=== What this task involves ===
With the pictures left out, restate exactly the part below that opens with the line containing "消防隊のハーフジップスウェットです" and closes with the line containing "3月15日,杭州国际博览中心".

=== Data in this exercise ===
______________________________

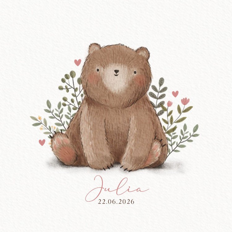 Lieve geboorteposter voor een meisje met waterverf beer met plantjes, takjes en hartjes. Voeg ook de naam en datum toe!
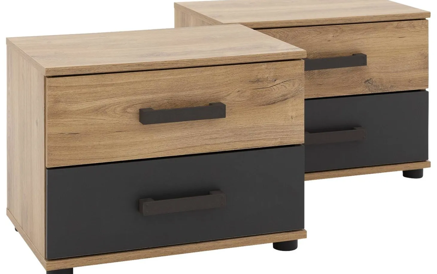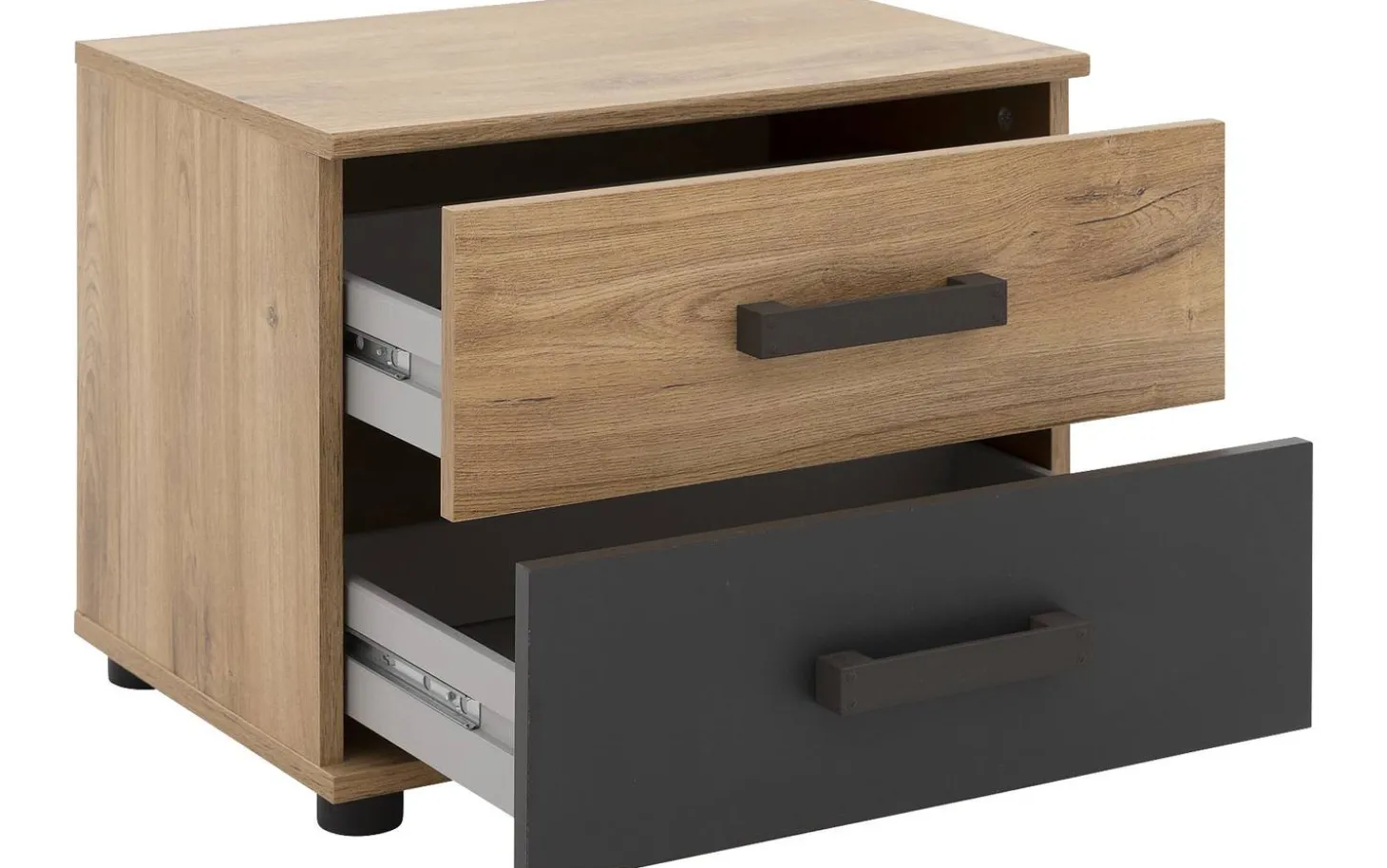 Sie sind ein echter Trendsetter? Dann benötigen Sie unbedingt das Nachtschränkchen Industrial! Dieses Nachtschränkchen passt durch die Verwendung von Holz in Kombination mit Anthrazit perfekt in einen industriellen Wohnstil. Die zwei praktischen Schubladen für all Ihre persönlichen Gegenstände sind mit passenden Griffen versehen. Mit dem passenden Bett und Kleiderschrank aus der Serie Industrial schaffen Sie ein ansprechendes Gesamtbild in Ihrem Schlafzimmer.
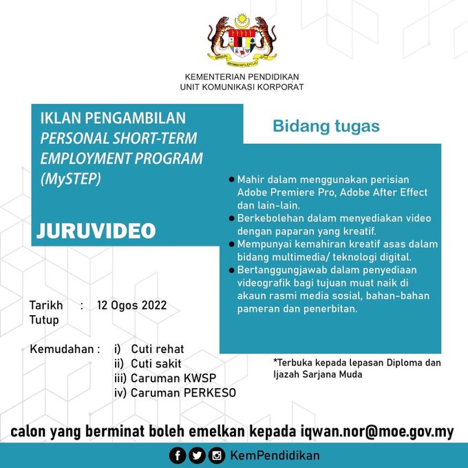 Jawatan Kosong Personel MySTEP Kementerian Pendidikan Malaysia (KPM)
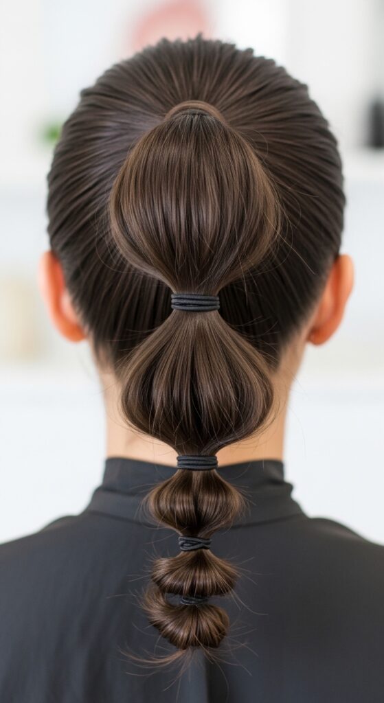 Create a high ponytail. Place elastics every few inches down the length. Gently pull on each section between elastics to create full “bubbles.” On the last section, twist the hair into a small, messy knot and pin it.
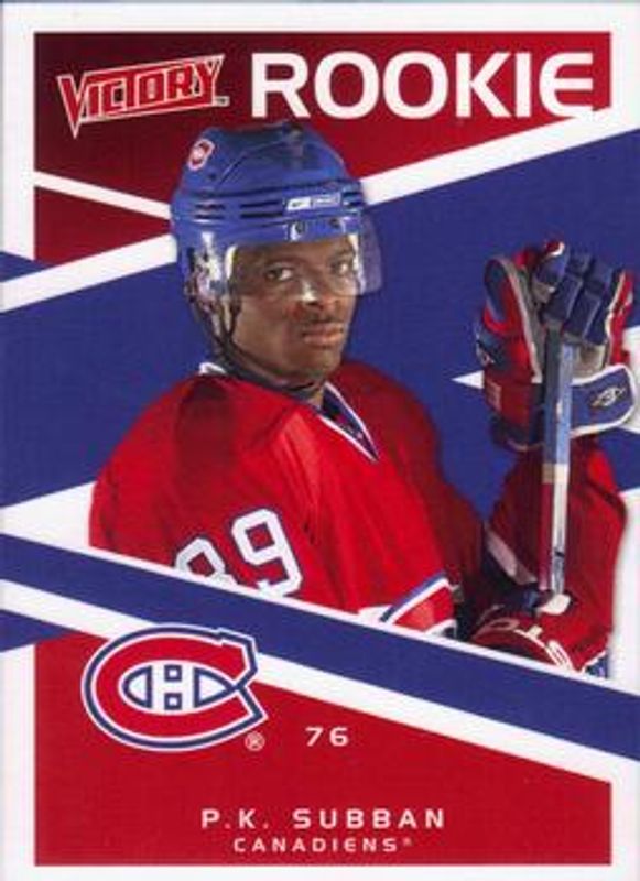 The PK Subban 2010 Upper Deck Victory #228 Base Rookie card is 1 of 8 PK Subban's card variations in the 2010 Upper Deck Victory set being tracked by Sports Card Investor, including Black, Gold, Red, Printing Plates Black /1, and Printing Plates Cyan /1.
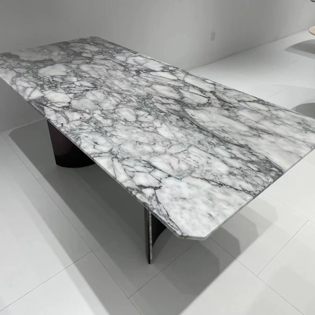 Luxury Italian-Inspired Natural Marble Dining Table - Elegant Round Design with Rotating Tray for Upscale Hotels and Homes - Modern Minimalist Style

______________________________

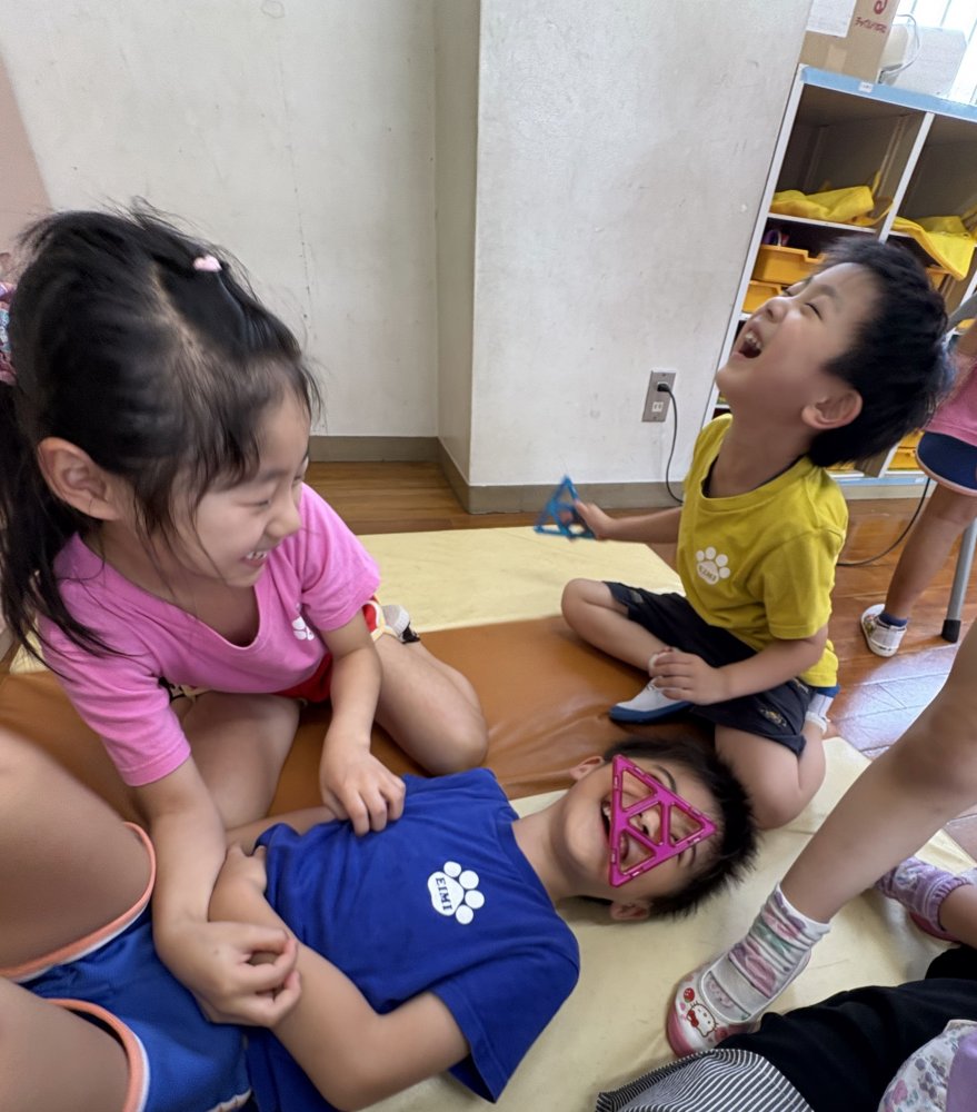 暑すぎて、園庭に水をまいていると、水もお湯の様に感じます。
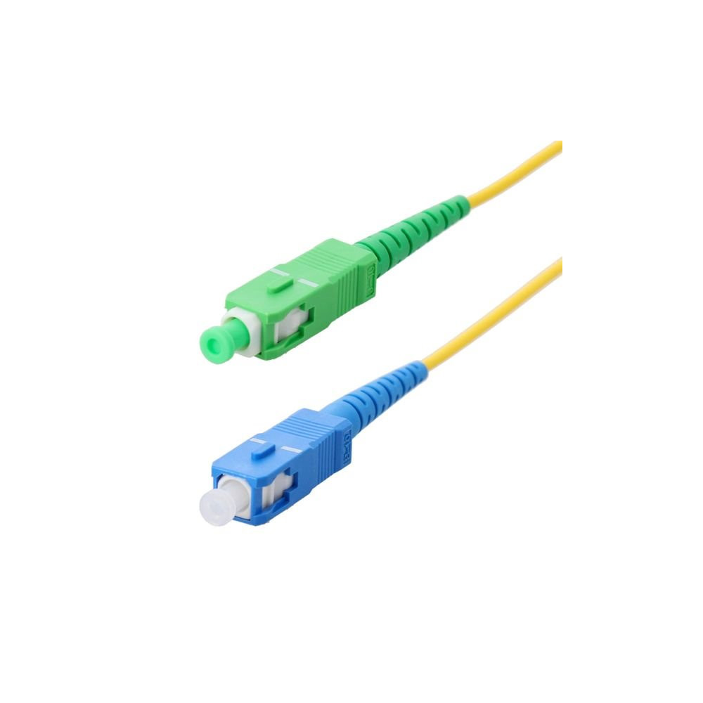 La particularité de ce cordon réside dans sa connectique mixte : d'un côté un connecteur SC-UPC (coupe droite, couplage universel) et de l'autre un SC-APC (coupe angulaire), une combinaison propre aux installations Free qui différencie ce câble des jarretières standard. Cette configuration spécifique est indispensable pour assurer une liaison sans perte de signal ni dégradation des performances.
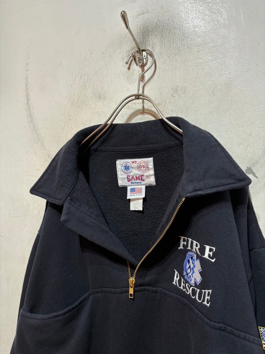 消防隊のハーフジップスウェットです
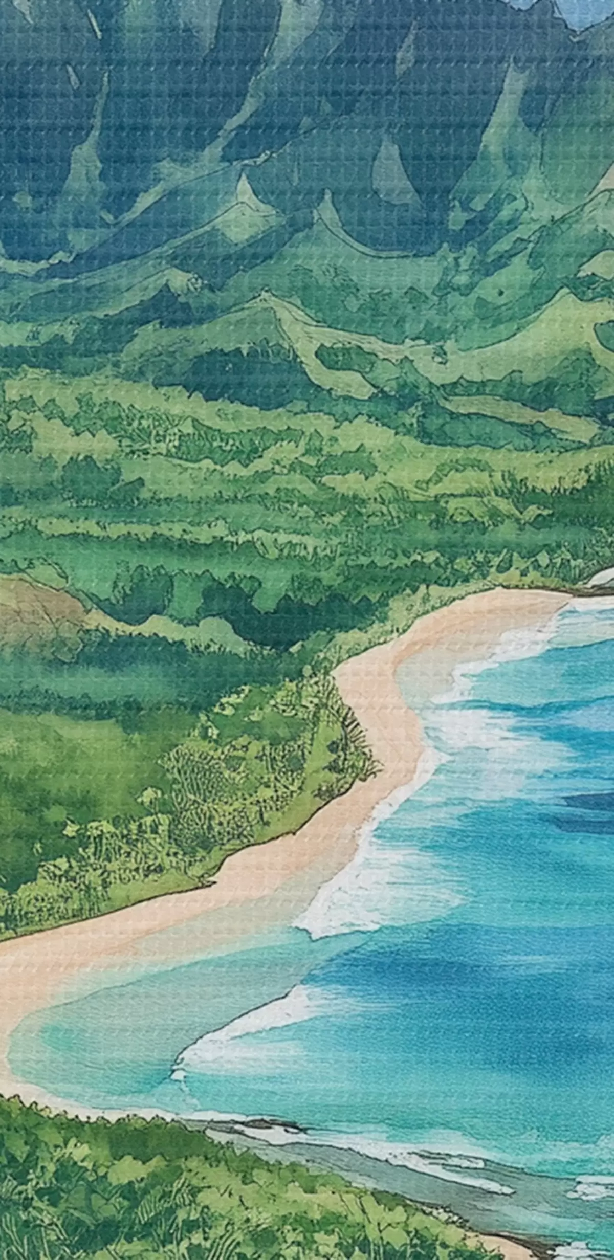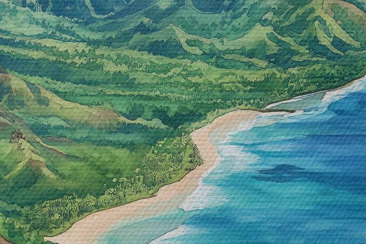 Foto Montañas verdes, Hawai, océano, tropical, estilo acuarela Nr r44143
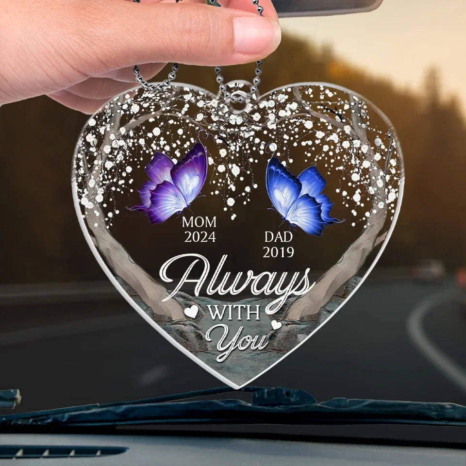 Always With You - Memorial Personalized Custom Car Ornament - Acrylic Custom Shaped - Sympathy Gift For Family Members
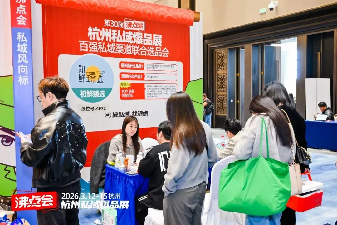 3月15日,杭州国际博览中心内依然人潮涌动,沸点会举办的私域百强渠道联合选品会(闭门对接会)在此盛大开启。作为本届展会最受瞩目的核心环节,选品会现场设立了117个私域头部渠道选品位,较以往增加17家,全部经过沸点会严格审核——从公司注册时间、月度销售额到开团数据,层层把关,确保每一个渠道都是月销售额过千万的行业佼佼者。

______________________________

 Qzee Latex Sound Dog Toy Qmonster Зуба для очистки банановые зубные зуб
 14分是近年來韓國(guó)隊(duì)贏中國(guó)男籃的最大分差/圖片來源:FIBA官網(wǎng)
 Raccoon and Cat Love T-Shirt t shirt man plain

______________________________

=== Answer ===
 消防隊のハーフジップスウェットです
 Foto Montañas verdes, Hawai, océano, tropical, estilo acuarela Nr r44143
 Always With You - Memorial Personalized Custom Car Ornament - Acrylic Custom Shaped - Sympathy Gift For Family Members
 3月15日,杭州国际博览中心内依然人潮涌动,沸点会举办的私域百强渠道联合选品会(闭门对接会)在此盛大开启。作为本届展会最受瞩目的核心环节,选品会现场设立了117个私域头部渠道选品位,较以往增加17家,全部经过沸点会严格审核——从公司注册时间、月度销售额到开团数据,层层把关,确保每一个渠道都是月销售额过千万的行业佼佼者。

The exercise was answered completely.